- THE PROBLEM
Given these entries, repeat exactly the lines starting with the one that has "Madanapalle (45 km)" and going on through the one that has "コンテナは、19D-6000", both included, but none of the pictures.

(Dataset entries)
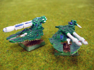 En primer lugar tenemos las Espadas de Vaul, formaciones compuestas por entre 5 y 6 Falcones, Firestorms y/o Prismas. Los Falcones son probablemente la mejor unidad antitanque del juego (2 x AT4+ y 1 x AP5+/AT5+ cada uno), y pueden combinarse con Prismas para esos objetivos con blindaje realmente grueso (AT2+, anulando blindaje reforzado), y con Firestorms (algo menos potentes, pero con armas antiaéreas). Una formación de Espadas de Vaul es capaz de hacer un daño tremendo a cualquier formación de tanques que el enemigo pueda desplegar. Sin embargo, deben estar muy bien protegidos, pues su Blindaje es sólo 5+.
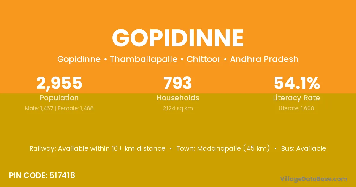 Madanapalle (45 km) is the nearest town to Gopidinne village for major economic activities and is located approximately 45 km away.
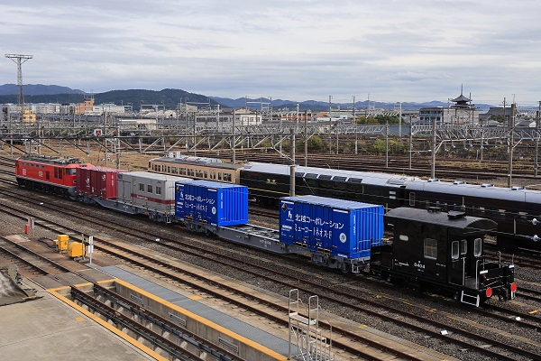 コンテナは、19D-60001、ResearchCabin ZX45A-2、北越コーポレーショU32A-5065、U32A-5031が、京都貨物駅で搭載された。
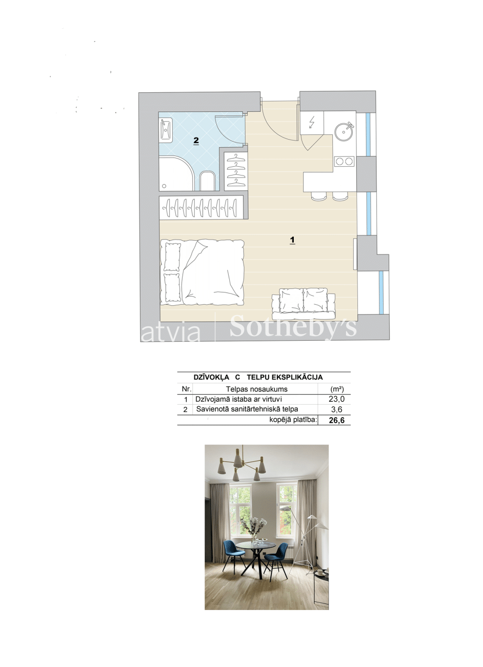 Планировка предусматривает студию, совмещённую с кухонной зоной, и одну ванную комнату с душем. В интерьере квартиры выбраны нейтральные, но современные тона и использованы качественные отделочные материалы. Во всей квартире установлены тёплые полы.
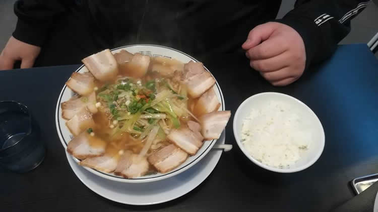 【一日一麺】今日のランチの相手は、会津の名居酒屋「酒家 盃爛処」の「Kちゃん」。Kちゃん、なにせ身体がデカい。ランチは空山の「葱麻辣麺 大盛り 肉盛り 白めし (写真には無いけど餃子付)」。器が小さいんじゃなくてKちゃんがデカすぎ。見ているだけでお腹がイッパイ。Kちゃん、おやつにビッグマックを2つ食べるそうな。
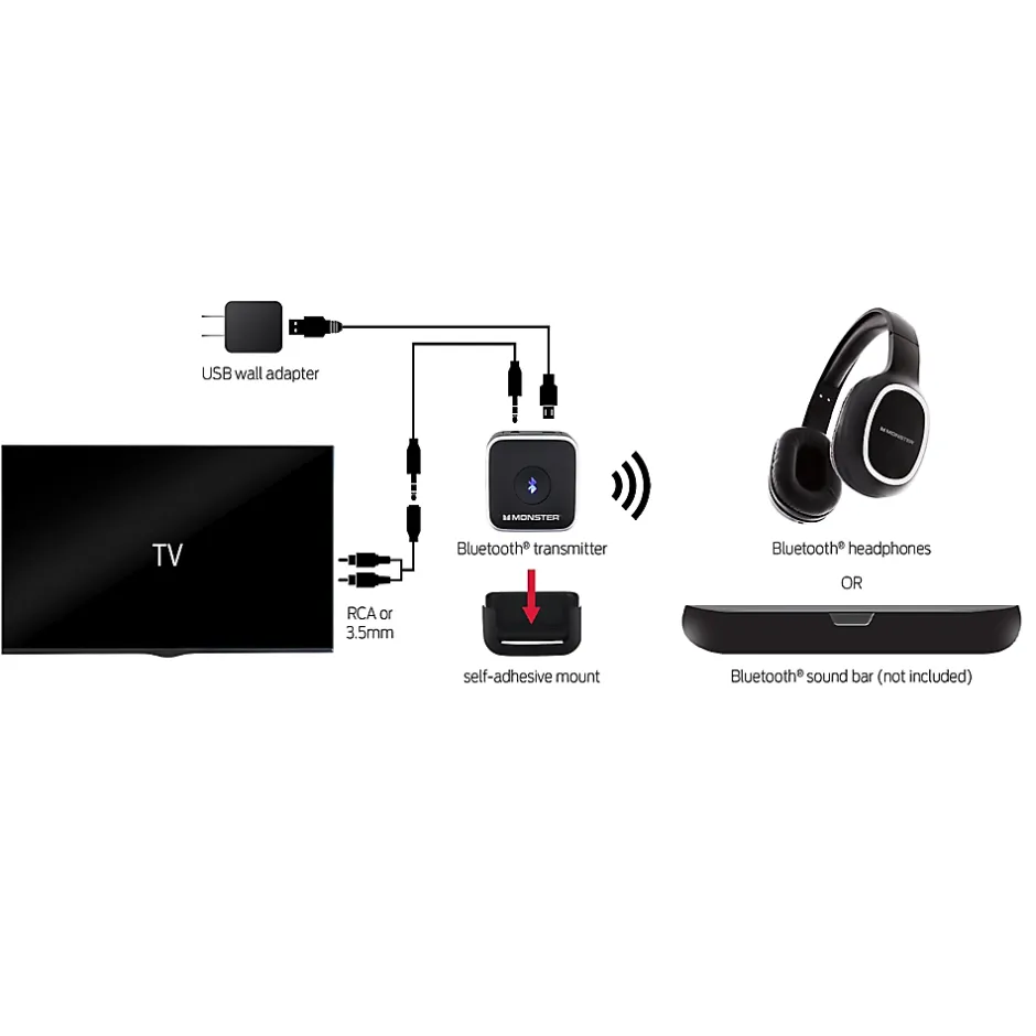 Découvrez le KIT casque TV + émetteur Bluetooth Monster, parfait complément de votre système de divertissement domestique. Ce casque TV sans fil numérique vous offre une qualité sonore exceptionnelle et vous libère des câbles. Sa conception supra-auriculaire fermée et ergonomique réduit le bruit de fond tout en offrant un maintien extraordinairement confortable. Vous serez plongé dans le son de votre musique, de vos émissions de télévision ou de vos films préférés sans déranger personne d’autre dans la pièce ! Diffusez facilement le son des téléviseurs et des consoles de jeu vers des écouteurs Bluetooth, une barre de son ou des haut-parleurs jusqu’à 10 mêtres de distance. Emetteur Bluetooth avec accroche murale. Casque Bluetooth à isolation acoustique passive offrant un son stéréo clair. Alimentation à partir du port USB de votre téléviseur HD ou avec l’adaptateur mural USB inclus. Installation rapide et configuration facile. Comprend: adaptateur mural USB, câble micro USB, câble audio 3,5 mm, adaptateur RCA vers 3,5 mm, casque Bluetooth.
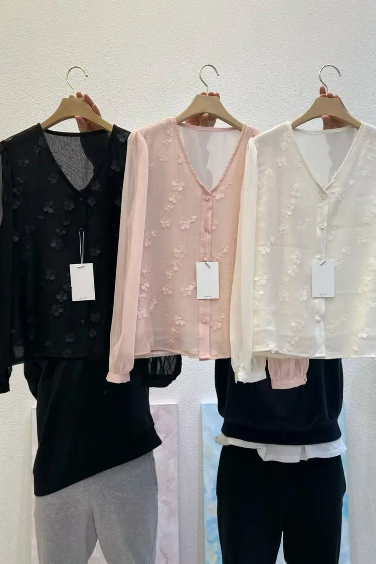 V領花朵排釦上衣(黑,粉,白)
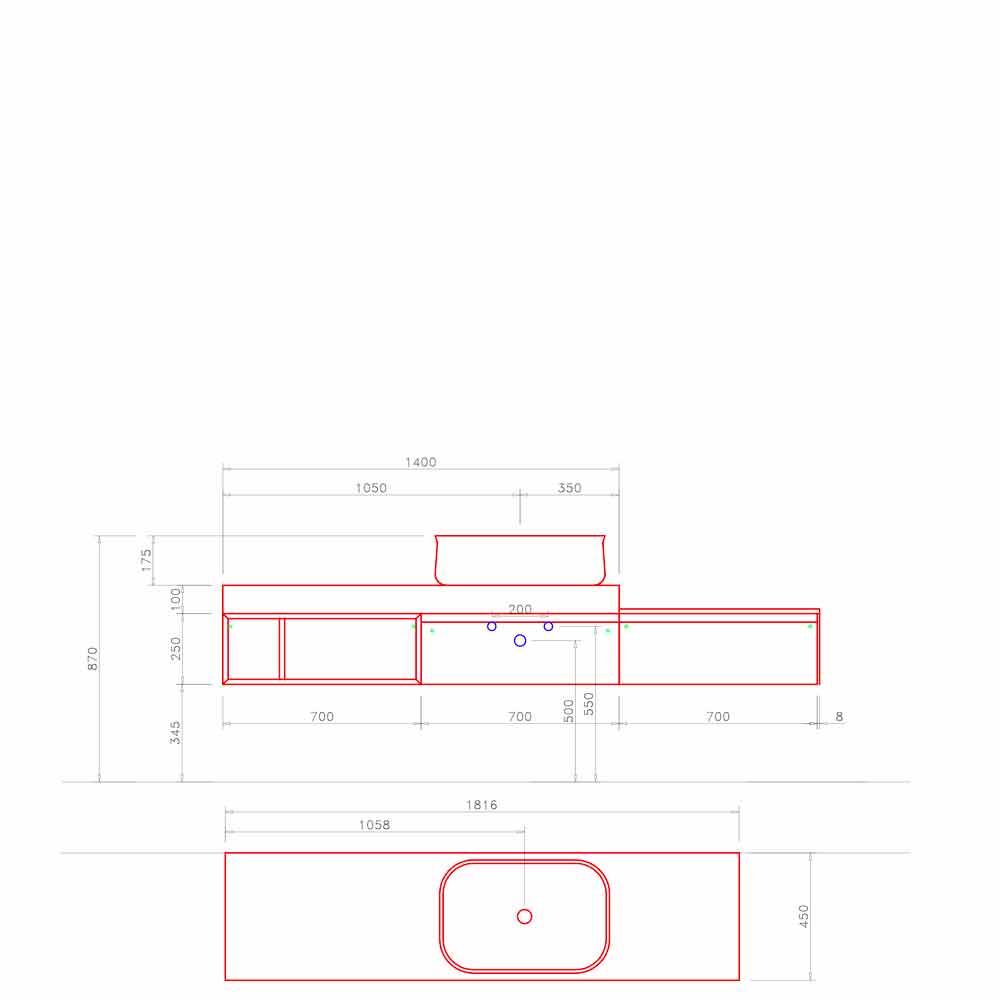 - Waschtisch L.141 X P.45 X H. 8 cm

- SOLUTION
 Madanapalle (45 km) is the nearest town to Gopidinne village for major economic activities and is located approximately 45 km away.
 コンテナは、19D-60001、ResearchCabin ZX45A-2、北越コーポレーショU32A-5065、U32A-5031が、京都貨物駅で搭載された。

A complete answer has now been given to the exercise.